OpenMag | Enhancing transport in open magnon systems

Summary
There is a great need for new energy-efficient technologies to meet the ever-increasing energy demands of the 21st century. The field of magnonics aims to address this need by developing nanoscale magnonic devices that use magnons - the excitations of magnetic materials - as information carriers. Because magnons do not require electric currents, they are much more energy efficient than electron-based technologies.

However, the transport of magnon signals over long distances remains a key challenge, limiting the development of a mature magnonics platform. The central objective of the OpenMag project is to meet this challenge by harnessing the coupling of magnons to their environment. This renders the magnon transport non-Hermitian, opening up pathways to engineer the enhancement of magnon transport. OpenMag will thus open up the field of non-Hermitian spintronics: the study of the spin degree of freedom in non-Hermitian systems. This will be accomplished through two strategies: (1) the interaction of magnons with photons in a cavity and (2) the development of non-Hermitian magnon topological phases through magnon-electron interactions. These strategies will initially be developed in ferromagnets, which allows OpenMag to make use of their well-understood magnetization dynamics. Using insights from ferromagnetic materials, OpenMag will develop non-Hermitian spintronics in antiferromagnets and altermagnets, which will enable access to fast dynamics and downsizing to the nanoscale: two crucial milestones in magnonics.
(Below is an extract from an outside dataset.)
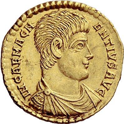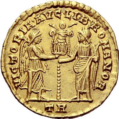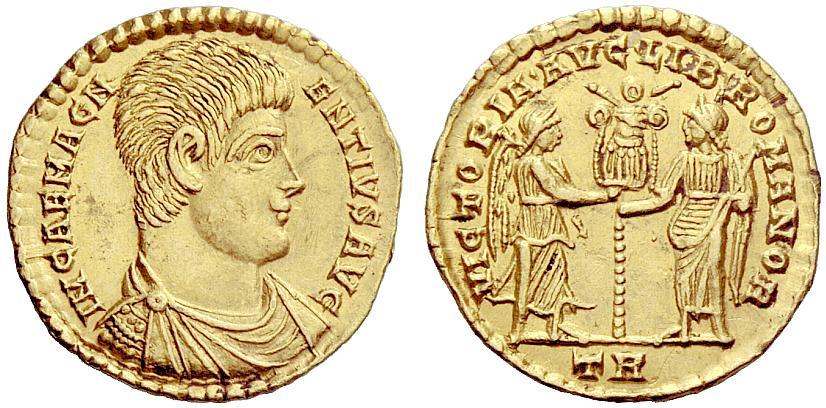 The Roman Empire. Magnentius, 350–353. Solidus, Treveri January-February 350, AV 4.32g. IM CAE MAGN–ENTIVS AVG Bare-headed, draped and cuirassed bust r. Rev. VICTORIA’ AVG’ LIB’ ROMANOR Victoria standing r. and Libertas standing l., supporting a trophy between them; the latter holds a sceptre in l. hand. In exergue, T R. C 46. RIC 247. Bastien, Magnence 5. Depeyrot 8/1. Very rare. Extremely fine. Ex Leu sale 48, 1989, 432.

The OpenMag project will be carried out at the Johannes Gutenberg University (JGU) Mainz, under supervision of Prof. Sinova, who leads a world-renowned theory group in spintronics and nanoelectronics. Over the past decades his group has developed the theoretical foundations of antiferromagnets and altermagnets, and is thus the perfect host for building the field of non-Hermitian spintronics in antiferromagnets and altermagnets.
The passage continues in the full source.